Here are the latest money market interest rates of the banks that I've been tracking on my blog. Note that these rates are sorted by APY, and represent institutions that I have accounts at, or have otherwise mentioned in my blog:

0.85% American Express High Yield Savings
0.84% Ally Bank Online Savings
0.80% Discover Bank Online Savings
0.80% ING Direct Orange Savings
0.80% HSBC Advance Online Savings
0.70% Urban Partnership Bank Online Savings
0.65% FNBO Direct Online Savings
0.25% Western FCU Money Market
0.15% Chase Plus Savings
0.10% Citibank Savings Plus
0.10% Travis CU Flexible Money Market
0.06% Patelco CU Money Market Account
0.05% E*TRADE Complete Savings

In some cases, MMA interest rates are tiered. If this is the case, I usually report the interest rate at the $10,000 tier in these updates.

Rates are believed to be accurate as of 6/12/12. I did not include banks that had special, or introductory rates in the list because they are not ongoing interest rates. I am also not including non-liquid accounts such as CD's in the list. I have included a few credit unions in the list so that readers have a comparison point with banks.

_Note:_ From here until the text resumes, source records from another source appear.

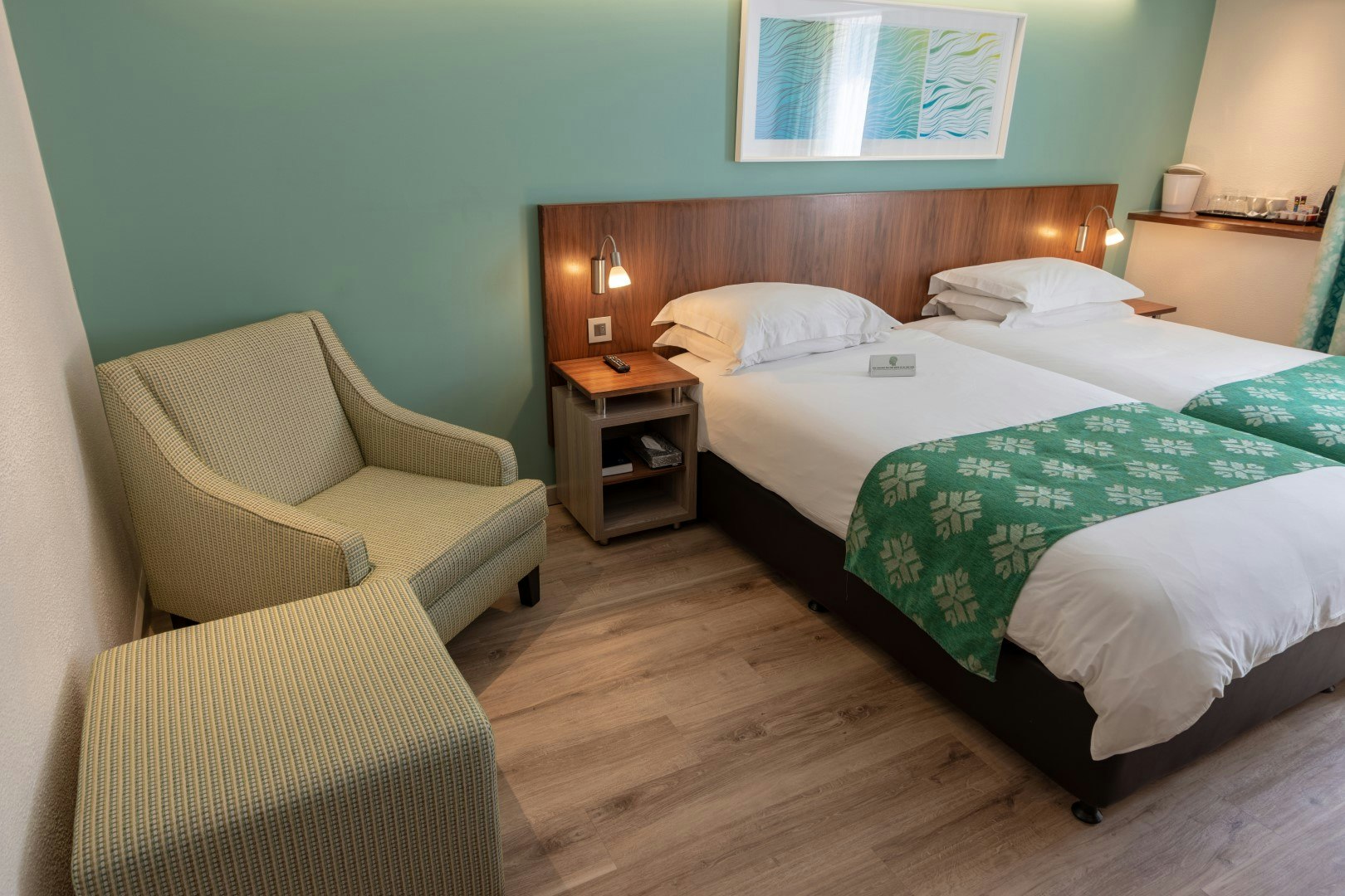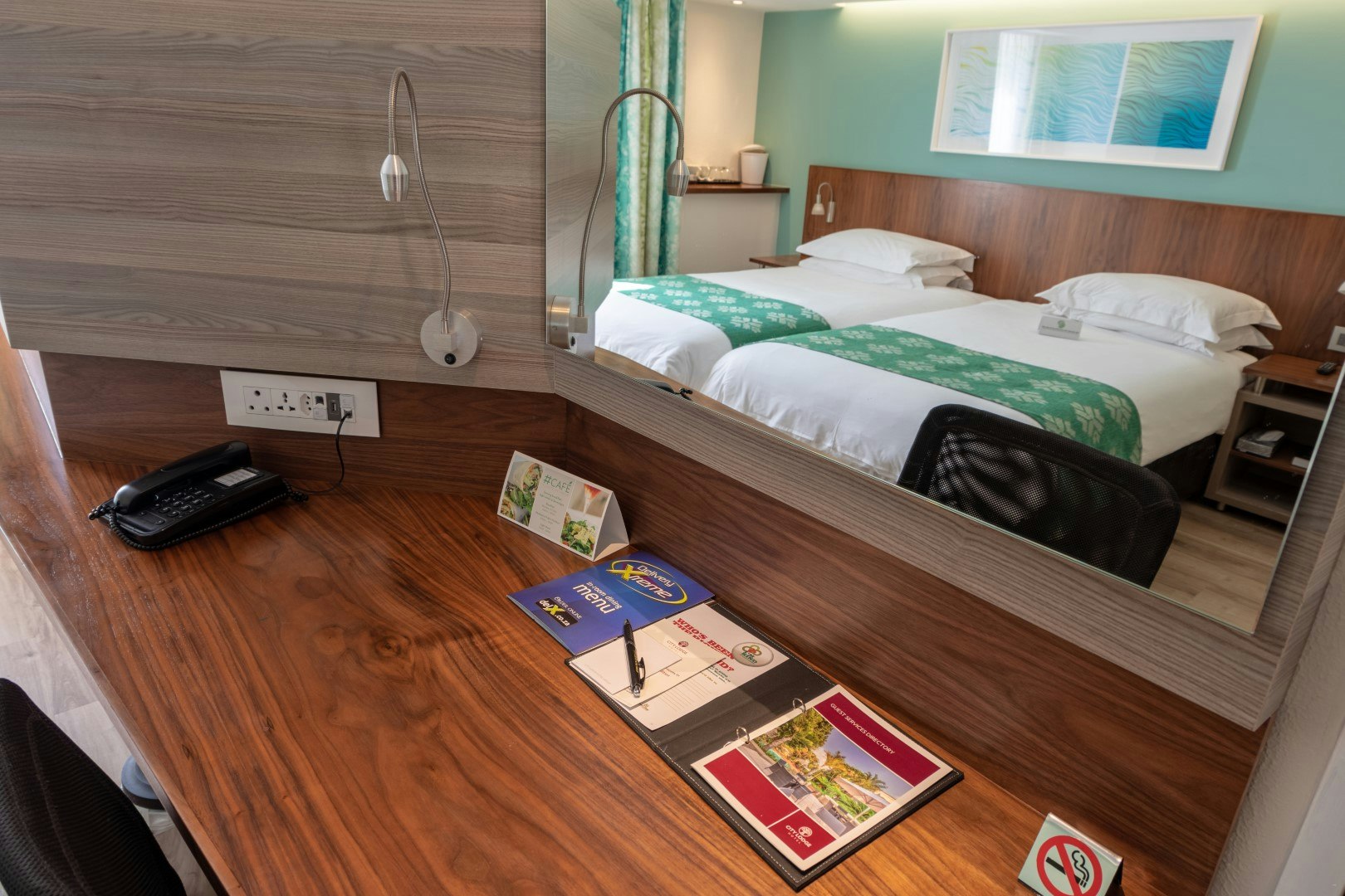 The 160-room hotel offers several spacious air-conditioned rooms which contain either a queen-size or twin beds, along with an en-suite bathroom fitted with a shower, or a shower and a separate bath. Interleading family rooms are also available. In-room amenities include a TV with selected DStv channels and radio stations, tea- and coffee-making facilities, an electronic safe large enough to accommodate a laptop, and a desk with lighting and plugs for easy connectivity. Complimentary Wi-Fi access is also provided. Selected rooms have been designed for the physically disabled.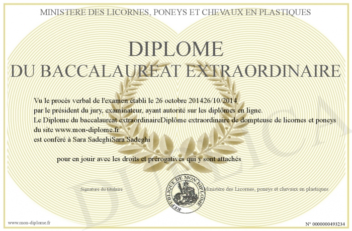 Envoyez par email votre Diplôme du baccalaureat extraordinaire personalisé
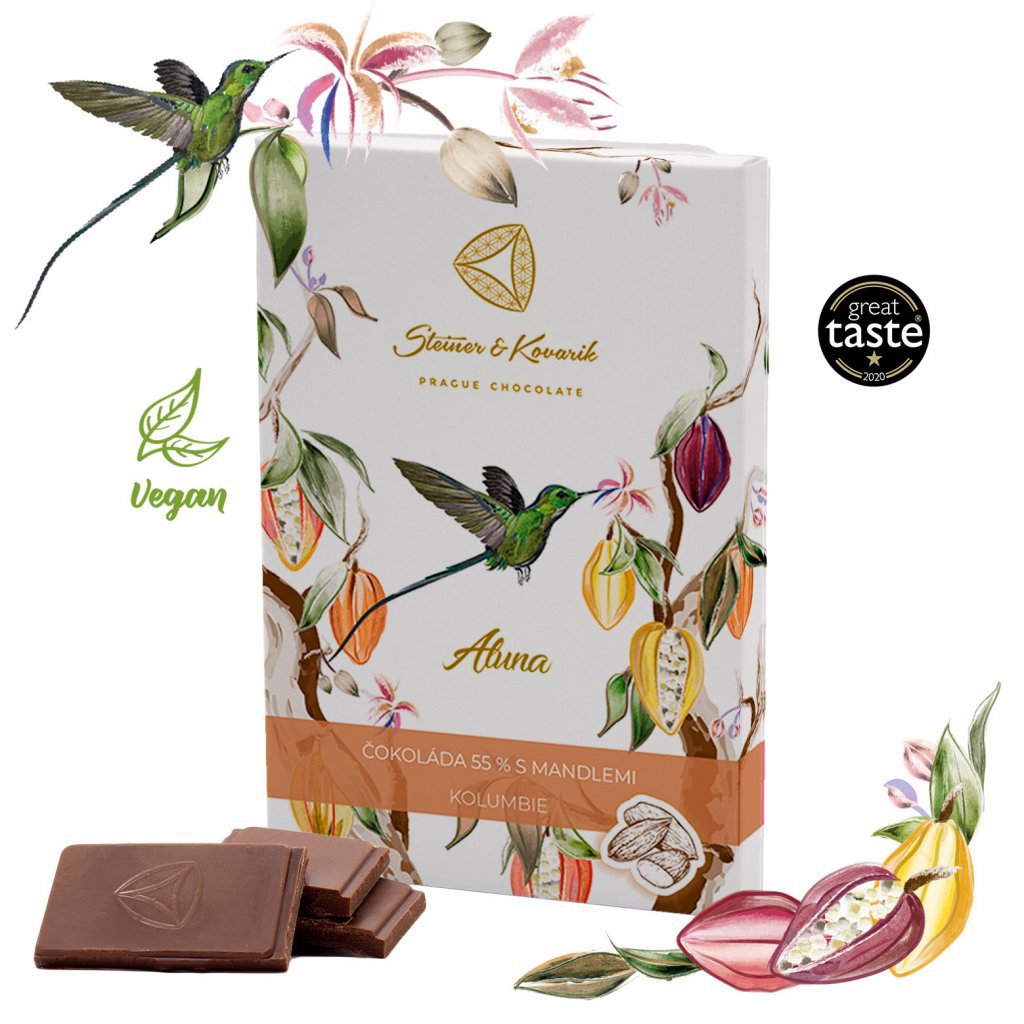 Kakaové máslo, kokosový cukr, kakaové boby, mandle 12 %. Obsah kakaových součástí nejméně 55 %. Může obsahovat mléko, arašídy a suché skořápkové plody. Uchovávejte v chladu a suchu. Produkt kontrolovaného zemědělství. Vyrobeno ručně v České republice.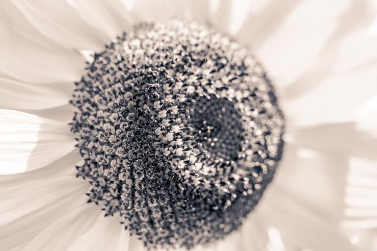 Keywords: sun flower helianthus annuus blossom bloom close macro black and white monochrome sw black and white photo retro look

At the top of the list is now American Express High Yield, which has beat out Ally Bank Online Savings by only 0.01%. Rounding out the bottom of this list are two credit unions, Travis CU, and Patelco CU. I've questioned the motives of those who have encouraged others to transfer their money from banks to credit unions during Bank Transfer Day. The credit unions on my list are on par with Citibank, which is really the bottom of the heap, as far as banks are concerned.

While it seems that interest rates are still continuing to trend downward, all of the these interest rates have stayed the same since last month. I think that it is a good time for people to consider moving their money around if they are not happy with their current banking institution. But, based on this analysis, I won't be transferring my funds to a credit union.

So, that is the latest list of money market rates. Please let me know if you know of any higher interest rates.